- Task directions -
Your response should be the complete set of records, reproduced exactly.

- Source information -
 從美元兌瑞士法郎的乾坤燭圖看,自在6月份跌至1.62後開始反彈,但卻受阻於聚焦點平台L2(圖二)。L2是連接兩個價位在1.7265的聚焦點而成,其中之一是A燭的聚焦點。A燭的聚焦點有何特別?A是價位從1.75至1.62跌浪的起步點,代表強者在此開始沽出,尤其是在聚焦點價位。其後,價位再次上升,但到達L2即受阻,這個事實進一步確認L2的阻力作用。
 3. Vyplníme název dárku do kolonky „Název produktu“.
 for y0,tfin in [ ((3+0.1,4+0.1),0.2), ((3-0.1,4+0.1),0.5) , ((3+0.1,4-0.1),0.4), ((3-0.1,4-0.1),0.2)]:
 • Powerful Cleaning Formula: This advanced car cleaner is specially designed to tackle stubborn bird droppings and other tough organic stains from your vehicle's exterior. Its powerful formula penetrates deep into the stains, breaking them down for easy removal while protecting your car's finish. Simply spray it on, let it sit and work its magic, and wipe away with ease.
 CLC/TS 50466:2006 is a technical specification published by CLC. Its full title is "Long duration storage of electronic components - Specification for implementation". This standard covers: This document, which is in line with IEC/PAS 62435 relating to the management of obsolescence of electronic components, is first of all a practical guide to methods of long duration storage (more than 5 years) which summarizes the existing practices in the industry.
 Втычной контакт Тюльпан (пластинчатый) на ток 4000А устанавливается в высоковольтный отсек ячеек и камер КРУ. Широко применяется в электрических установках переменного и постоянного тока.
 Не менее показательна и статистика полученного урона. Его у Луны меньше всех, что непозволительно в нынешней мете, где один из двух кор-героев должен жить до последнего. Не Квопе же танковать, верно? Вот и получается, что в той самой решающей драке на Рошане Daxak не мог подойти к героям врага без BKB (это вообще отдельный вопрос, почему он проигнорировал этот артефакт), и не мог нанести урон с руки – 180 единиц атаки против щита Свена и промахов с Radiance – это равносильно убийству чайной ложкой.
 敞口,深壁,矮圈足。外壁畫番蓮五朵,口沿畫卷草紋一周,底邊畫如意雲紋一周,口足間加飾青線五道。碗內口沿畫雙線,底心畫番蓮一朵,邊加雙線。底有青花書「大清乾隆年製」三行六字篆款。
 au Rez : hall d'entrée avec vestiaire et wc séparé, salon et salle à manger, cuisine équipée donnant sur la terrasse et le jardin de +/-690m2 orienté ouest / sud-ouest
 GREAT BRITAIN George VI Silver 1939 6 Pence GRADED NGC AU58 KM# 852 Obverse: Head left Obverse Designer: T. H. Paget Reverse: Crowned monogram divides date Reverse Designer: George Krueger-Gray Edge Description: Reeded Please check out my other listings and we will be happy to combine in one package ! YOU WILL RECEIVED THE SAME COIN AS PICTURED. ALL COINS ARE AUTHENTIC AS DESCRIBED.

- Result of this task -
 從美元兌瑞士法郎的乾坤燭圖看,自在6月份跌至1.62後開始反彈,但卻受阻於聚焦點平台L2(圖二)。L2是連接兩個價位在1.7265的聚焦點而成,其中之一是A燭的聚焦點。A燭的聚焦點有何特別?A是價位從1.75至1.62跌浪的起步點,代表強者在此開始沽出,尤其是在聚焦點價位。其後,價位再次上升,但到達L2即受阻,這個事實進一步確認L2的阻力作用。
 3. Vyplníme název dárku do kolonky „Název produktu“.
 for y0,tfin in [ ((3+0.1,4+0.1),0.2), ((3-0.1,4+0.1),0.5) , ((3+0.1,4-0.1),0.4), ((3-0.1,4-0.1),0.2)]:
 • Powerful Cleaning Formula: This advanced car cleaner is specially designed to tackle stubborn bird droppings and other tough organic stains from your vehicle's exterior. Its powerful formula penetrates deep into the stains, breaking them down for easy removal while protecting your car's finish. Simply spray it on, let it sit and work its magic, and wipe away with ease.
 CLC/TS 50466:2006 is a technical specification published by CLC. Its full title is "Long duration storage of electronic components - Specification for implementation". This standard covers: This document, which is in line with IEC/PAS 62435 relating to the management of obsolescence of electronic components, is first of all a practical guide to methods of long duration storage (more than 5 years) which summarizes the existing practices in the industry.
 Втычной контакт Тюльпан (пластинчатый) на ток 4000А устанавливается в высоковольтный отсек ячеек и камер КРУ. Широко применяется в электрических установках переменного и постоянного тока.
 Не менее показательна и статистика полученного урона. Его у Луны меньше всех, что непозволительно в нынешней мете, где один из двух кор-героев должен жить до последнего. Не Квопе же танковать, верно? Вот и получается, что в той самой решающей драке на Рошане Daxak не мог подойти к героям врага без BKB (это вообще отдельный вопрос, почему он проигнорировал этот артефакт), и не мог нанести урон с руки – 180 единиц атаки против щита Свена и промахов с Radiance – это равносильно убийству чайной ложкой.
 敞口,深壁,矮圈足。外壁畫番蓮五朵,口沿畫卷草紋一周,底邊畫如意雲紋一周,口足間加飾青線五道。碗內口沿畫雙線,底心畫番蓮一朵,邊加雙線。底有青花書「大清乾隆年製」三行六字篆款。
 au Rez : hall d'entrée avec vestiaire et wc séparé, salon et salle à manger, cuisine équipée donnant sur la terrasse et le jardin de +/-690m2 orienté ouest / sud-ouest
 GREAT BRITAIN George VI Silver 1939 6 Pence GRADED NGC AU58 KM# 852 Obverse: Head left Obverse Designer: T. H. Paget Reverse: Crowned monogram divides date Reverse Designer: George Krueger-Gray Edge Description: Reeded Please check out my other listings and we will be happy to combine in one package ! YOU WILL RECEIVED THE SAME COIN AS PICTURED. ALL COINS ARE AUTHENTIC AS DESCRIBED.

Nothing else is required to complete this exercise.